Simultaneous profiling of full-length RNA transcripts and chromatin accessibility within single cells of human retinal organoids

Abstract

Abstract Single-cell multi-omics sequencing can integrate transcriptome and epigenome to analyze the complex mechanisms underlying neuron development and regeneration, but most current methods are based on second-generation short-read sequencing, which has low efficiency in detecting RNA structural heterogeneity. Long-length sequencing can analyze RNA structures, but the throughput and the number of transcripts detected at the single-cell level are very low, and single-cell level epigenome profiling has not been accomplished either. Therefore, there is currently a lack of an effective method that can integrate RNA splicing and epigenetic modification to analyze the molecular mechanism of neural development.
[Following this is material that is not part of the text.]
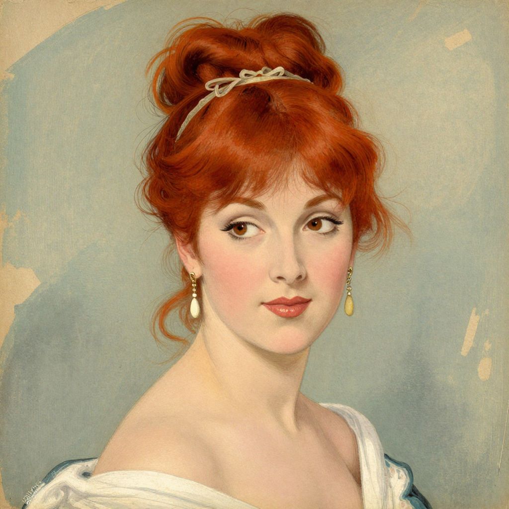 A digital portrait rendered in a classical style reminiscent of Toulouse-Lautrec, featuring a woman with vibrant red hair styled in an elegant updo, adorned with a delicate headband and earrings, set against a textured, vintage-inspired background.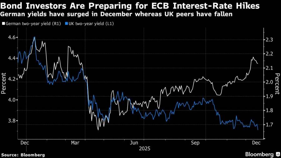 Takav razvoj događaja navodi trgovce da preispitaju izglede za prinose na obveznice i kretanja valuta. Prinosi na nemačke dvogodišnje obveznice, koje predstavljaju referentnu tačku za evrozonu, porasli su ovog meseca za oko deset baznih poena, zbog izgleda za ponovno pooštravanje monetarne politike od strane Evropske centralne banke.

This study developed a single-cell multi-omics assay based on short-read sequencing for the simultaneous detection of single-cell full-length RNA isoforms and DNA accessibility. The accuracy of its resolution in RNA transcript structure can reach 94.5%, and the sensitivity of detecting single-cell gene expression is twice that of third-generation sequencing. And it can detect over 10,000 single nuclei at one run, enabling the effective integrated analysis of single-cell RNA isoforms and DNA accessibility at high throughput. We used this method to construct a multidimensional cell atlas of human retinal organoids, and found that gene expression and differential choices of isoforms of multiple fate-determining factors were significantly associated with chromatin accessibility. This method provides a new technical method for dissecting the multidimensional molecular mechanism of fate determination in neural cell development and regeneration.